Records excerpted from a collection
[Start of Attachment]
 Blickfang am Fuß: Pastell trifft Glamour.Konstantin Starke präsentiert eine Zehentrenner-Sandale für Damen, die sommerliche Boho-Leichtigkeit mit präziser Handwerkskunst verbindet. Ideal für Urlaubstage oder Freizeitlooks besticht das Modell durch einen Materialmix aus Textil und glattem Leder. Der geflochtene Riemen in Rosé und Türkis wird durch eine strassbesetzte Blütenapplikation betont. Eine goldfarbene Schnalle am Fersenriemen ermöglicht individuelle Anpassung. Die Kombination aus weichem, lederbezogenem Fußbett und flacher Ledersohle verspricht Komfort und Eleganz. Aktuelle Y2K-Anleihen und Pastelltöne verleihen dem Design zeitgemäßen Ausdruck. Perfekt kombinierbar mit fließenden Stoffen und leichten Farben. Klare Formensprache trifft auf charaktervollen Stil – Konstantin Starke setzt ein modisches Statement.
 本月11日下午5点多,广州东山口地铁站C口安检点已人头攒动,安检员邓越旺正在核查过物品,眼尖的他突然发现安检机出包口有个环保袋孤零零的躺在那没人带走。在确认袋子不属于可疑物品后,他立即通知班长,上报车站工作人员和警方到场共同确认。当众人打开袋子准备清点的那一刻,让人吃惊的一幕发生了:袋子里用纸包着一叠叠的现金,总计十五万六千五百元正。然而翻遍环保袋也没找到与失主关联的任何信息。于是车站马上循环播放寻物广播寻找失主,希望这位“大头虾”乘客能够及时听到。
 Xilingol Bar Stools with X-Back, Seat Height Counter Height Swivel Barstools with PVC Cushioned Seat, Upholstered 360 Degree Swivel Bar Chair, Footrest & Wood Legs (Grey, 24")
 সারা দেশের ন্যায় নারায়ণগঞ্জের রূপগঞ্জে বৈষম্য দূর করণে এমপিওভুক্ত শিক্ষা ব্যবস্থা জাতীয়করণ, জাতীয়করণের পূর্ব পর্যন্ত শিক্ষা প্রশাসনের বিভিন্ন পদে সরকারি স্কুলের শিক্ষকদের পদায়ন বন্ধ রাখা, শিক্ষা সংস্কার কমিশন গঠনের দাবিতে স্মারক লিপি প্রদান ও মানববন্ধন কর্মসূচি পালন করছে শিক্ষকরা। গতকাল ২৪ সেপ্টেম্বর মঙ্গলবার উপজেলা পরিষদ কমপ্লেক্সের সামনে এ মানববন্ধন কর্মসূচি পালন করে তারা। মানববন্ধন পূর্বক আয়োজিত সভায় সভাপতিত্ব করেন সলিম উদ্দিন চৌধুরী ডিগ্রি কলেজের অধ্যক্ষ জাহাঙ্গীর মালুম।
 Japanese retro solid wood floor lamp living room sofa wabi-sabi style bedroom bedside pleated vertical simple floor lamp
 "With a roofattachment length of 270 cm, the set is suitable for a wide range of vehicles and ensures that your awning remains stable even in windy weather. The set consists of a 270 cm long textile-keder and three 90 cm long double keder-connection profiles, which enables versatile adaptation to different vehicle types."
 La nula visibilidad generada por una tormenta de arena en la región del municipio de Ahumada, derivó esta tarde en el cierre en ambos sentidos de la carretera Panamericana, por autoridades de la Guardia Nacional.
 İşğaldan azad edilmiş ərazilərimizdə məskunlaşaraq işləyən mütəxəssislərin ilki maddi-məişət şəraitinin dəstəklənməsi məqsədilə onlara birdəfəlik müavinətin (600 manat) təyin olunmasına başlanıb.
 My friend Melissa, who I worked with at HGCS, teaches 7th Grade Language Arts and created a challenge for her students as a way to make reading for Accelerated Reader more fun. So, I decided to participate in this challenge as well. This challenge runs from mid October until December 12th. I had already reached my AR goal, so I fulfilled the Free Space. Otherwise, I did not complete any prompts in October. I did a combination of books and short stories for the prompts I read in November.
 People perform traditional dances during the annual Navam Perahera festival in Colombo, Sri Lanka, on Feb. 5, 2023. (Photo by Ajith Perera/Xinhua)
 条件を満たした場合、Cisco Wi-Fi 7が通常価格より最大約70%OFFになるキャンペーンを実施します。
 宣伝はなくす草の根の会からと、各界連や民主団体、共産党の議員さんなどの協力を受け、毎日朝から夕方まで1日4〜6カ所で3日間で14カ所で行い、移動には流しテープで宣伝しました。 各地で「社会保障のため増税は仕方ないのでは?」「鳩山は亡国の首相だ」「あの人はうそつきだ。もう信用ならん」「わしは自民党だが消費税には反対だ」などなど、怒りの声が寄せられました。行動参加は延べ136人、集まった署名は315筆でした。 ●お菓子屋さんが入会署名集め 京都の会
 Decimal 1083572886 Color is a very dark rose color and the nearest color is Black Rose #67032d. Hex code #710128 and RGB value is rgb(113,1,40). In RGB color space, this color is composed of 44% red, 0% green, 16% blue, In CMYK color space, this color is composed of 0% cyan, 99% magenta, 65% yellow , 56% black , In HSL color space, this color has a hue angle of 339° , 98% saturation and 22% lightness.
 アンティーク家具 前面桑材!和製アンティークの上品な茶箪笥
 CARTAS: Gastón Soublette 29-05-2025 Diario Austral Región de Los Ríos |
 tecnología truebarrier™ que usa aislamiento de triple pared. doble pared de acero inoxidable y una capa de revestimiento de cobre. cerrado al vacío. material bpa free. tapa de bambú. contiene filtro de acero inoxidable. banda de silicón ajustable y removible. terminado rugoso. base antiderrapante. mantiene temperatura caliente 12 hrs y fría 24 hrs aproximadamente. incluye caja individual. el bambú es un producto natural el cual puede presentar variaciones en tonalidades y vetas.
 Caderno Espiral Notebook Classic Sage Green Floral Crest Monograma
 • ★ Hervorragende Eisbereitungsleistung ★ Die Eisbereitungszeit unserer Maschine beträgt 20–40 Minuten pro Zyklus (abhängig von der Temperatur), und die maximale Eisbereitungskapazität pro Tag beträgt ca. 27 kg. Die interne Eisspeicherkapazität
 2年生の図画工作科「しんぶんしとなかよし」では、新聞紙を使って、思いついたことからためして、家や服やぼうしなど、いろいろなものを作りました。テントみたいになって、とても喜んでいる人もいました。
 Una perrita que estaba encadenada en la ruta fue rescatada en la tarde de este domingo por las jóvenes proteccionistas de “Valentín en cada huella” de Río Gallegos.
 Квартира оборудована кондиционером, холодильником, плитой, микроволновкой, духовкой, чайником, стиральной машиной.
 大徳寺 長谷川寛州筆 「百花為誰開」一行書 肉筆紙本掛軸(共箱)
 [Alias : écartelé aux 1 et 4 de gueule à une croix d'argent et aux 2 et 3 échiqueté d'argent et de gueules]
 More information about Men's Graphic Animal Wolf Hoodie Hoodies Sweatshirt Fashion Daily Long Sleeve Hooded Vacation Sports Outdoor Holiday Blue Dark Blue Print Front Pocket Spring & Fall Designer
[End of Attachment]
> **Exercise prompt**
Could you restate, word for word, the lines above from the one with "Decimal 1083572886 Color" to the one with "CARTAS: Gastón Soublette", both included?

> **Written answer**
 Decimal 1083572886 Color is a very dark rose color and the nearest color is Black Rose #67032d. Hex code #710128 and RGB value is rgb(113,1,40). In RGB color space, this color is composed of 44% red, 0% green, 16% blue, In CMYK color space, this color is composed of 0% cyan, 99% magenta, 65% yellow , 56% black , In HSL color space, this color has a hue angle of 339° , 98% saturation and 22% lightness.
 アンティーク家具 前面桑材!和製アンティークの上品な茶箪笥
 CARTAS: Gastón Soublette 29-05-2025 Diario Austral Región de Los Ríos |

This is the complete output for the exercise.